-------- Raw data

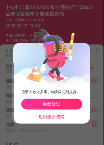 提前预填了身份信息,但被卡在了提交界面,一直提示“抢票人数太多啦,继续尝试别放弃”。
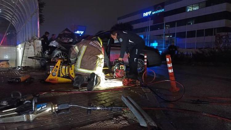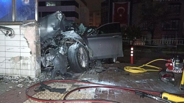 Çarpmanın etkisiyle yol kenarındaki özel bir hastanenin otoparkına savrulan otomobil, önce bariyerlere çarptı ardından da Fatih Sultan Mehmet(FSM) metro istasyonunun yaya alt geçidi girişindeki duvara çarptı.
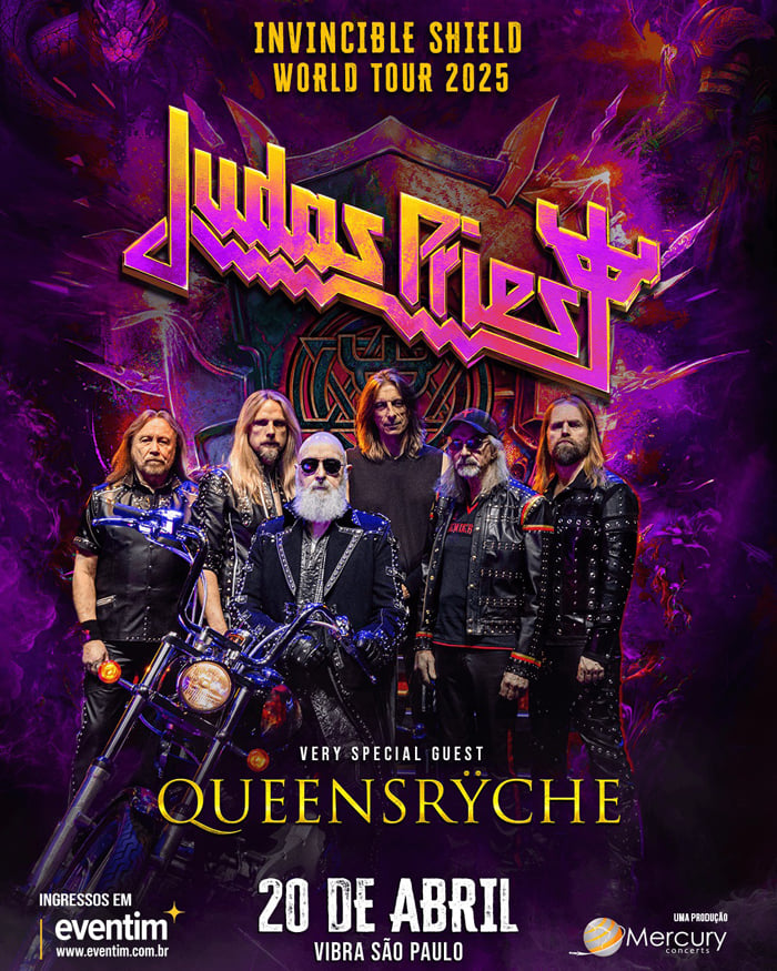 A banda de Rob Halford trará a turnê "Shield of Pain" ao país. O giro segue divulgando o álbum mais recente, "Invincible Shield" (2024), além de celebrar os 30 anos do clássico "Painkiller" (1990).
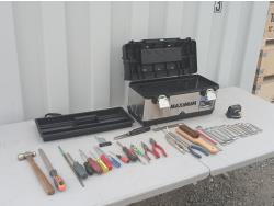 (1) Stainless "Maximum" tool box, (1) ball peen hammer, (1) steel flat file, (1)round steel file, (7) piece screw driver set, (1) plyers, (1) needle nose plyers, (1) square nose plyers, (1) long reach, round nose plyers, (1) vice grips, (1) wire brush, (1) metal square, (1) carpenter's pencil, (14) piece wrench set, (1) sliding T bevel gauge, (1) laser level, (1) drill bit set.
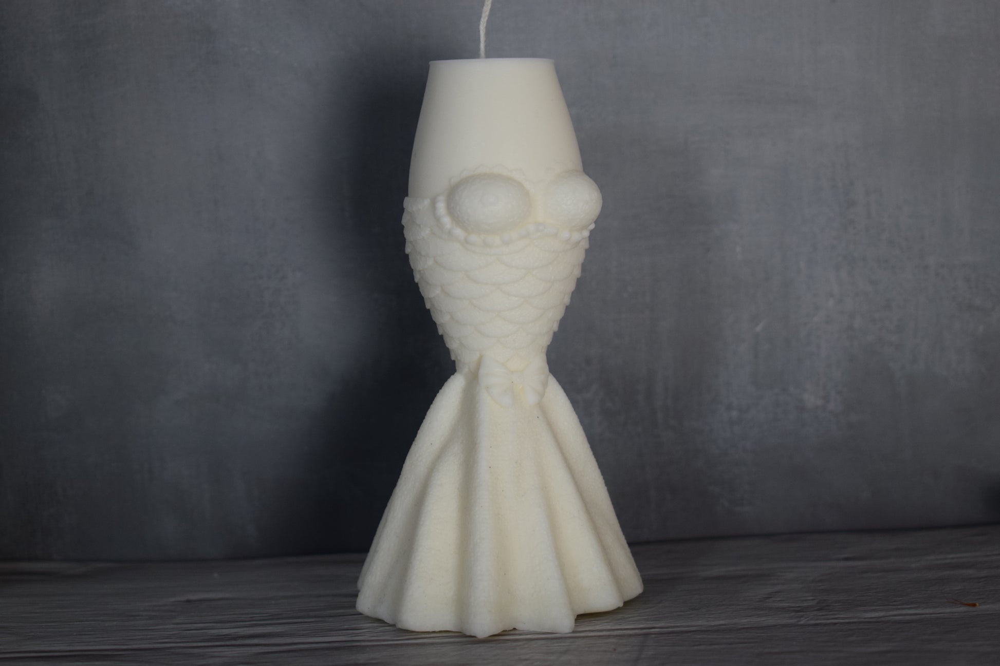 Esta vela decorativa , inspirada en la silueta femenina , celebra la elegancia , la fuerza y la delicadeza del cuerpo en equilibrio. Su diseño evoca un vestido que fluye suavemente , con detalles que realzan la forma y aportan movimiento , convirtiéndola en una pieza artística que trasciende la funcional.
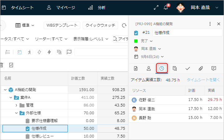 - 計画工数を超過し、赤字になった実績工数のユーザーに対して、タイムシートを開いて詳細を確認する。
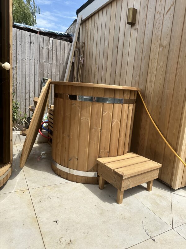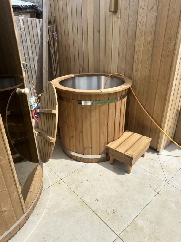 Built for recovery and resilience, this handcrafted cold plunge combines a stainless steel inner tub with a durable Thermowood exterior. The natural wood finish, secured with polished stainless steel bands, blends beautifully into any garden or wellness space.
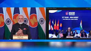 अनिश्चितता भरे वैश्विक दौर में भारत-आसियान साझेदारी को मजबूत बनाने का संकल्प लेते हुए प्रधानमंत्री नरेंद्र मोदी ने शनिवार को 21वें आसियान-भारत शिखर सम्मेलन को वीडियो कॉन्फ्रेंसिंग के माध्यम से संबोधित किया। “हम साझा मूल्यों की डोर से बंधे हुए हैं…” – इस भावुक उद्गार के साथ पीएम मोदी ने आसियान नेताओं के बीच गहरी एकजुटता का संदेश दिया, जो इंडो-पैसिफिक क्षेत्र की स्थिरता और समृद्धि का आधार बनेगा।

----------------
-------- Raw data

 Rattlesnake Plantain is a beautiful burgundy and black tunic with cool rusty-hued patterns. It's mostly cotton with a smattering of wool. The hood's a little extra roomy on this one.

----------------
-------- Raw data

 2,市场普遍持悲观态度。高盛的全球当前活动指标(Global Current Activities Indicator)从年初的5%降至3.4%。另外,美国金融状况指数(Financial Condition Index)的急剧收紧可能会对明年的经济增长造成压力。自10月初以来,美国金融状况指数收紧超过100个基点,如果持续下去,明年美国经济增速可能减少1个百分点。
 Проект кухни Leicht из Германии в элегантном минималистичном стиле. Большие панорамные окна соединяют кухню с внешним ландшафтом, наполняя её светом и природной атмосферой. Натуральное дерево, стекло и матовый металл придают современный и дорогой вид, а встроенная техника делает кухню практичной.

----------------

| What to do |
Output exactly those lines of the data above that run from the line with "提前预填了身份信息,但被卡在" up to and including the line with "अनिश्चितता भरे वैश्विक". No pictures go in.

| Answer box |
 提前预填了身份信息,但被卡在了提交界面,一直提示“抢票人数太多啦,继续尝试别放弃”。
 Çarpmanın etkisiyle yol kenarındaki özel bir hastanenin otoparkına savrulan otomobil, önce bariyerlere çarptı ardından da Fatih Sultan Mehmet(FSM) metro istasyonunun yaya alt geçidi girişindeki duvara çarptı.
 A banda de Rob Halford trará a turnê "Shield of Pain" ao país. O giro segue divulgando o álbum mais recente, "Invincible Shield" (2024), além de celebrar os 30 anos do clássico "Painkiller" (1990).
 (1) Stainless "Maximum" tool box, (1) ball peen hammer, (1) steel flat file, (1)round steel file, (7) piece screw driver set, (1) plyers, (1) needle nose plyers, (1) square nose plyers, (1) long reach, round nose plyers, (1) vice grips, (1) wire brush, (1) metal square, (1) carpenter's pencil, (14) piece wrench set, (1) sliding T bevel gauge, (1) laser level, (1) drill bit set.
 Esta vela decorativa , inspirada en la silueta femenina , celebra la elegancia , la fuerza y la delicadeza del cuerpo en equilibrio. Su diseño evoca un vestido que fluye suavemente , con detalles que realzan la forma y aportan movimiento , convirtiéndola en una pieza artística que trasciende la funcional.
 - 計画工数を超過し、赤字になった実績工数のユーザーに対して、タイムシートを開いて詳細を確認する。
 Built for recovery and resilience, this handcrafted cold plunge combines a stainless steel inner tub with a durable Thermowood exterior. The natural wood finish, secured with polished stainless steel bands, blends beautifully into any garden or wellness space.
 अनिश्चितता भरे वैश्विक दौर में भारत-आसियान साझेदारी को मजबूत बनाने का संकल्प लेते हुए प्रधानमंत्री नरेंद्र मोदी ने शनिवार को 21वें आसियान-भारत शिखर सम्मेलन को वीडियो कॉन्फ्रेंसिंग के माध्यम से संबोधित किया। “हम साझा मूल्यों की डोर से बंधे हुए हैं…” – इस भावुक उद्गार के साथ पीएम मोदी ने आसियान नेताओं के बीच गहरी एकजुटता का संदेश दिया, जो इंडो-पैसिफिक क्षेत्र की स्थिरता और समृद्धि का आधार बनेगा।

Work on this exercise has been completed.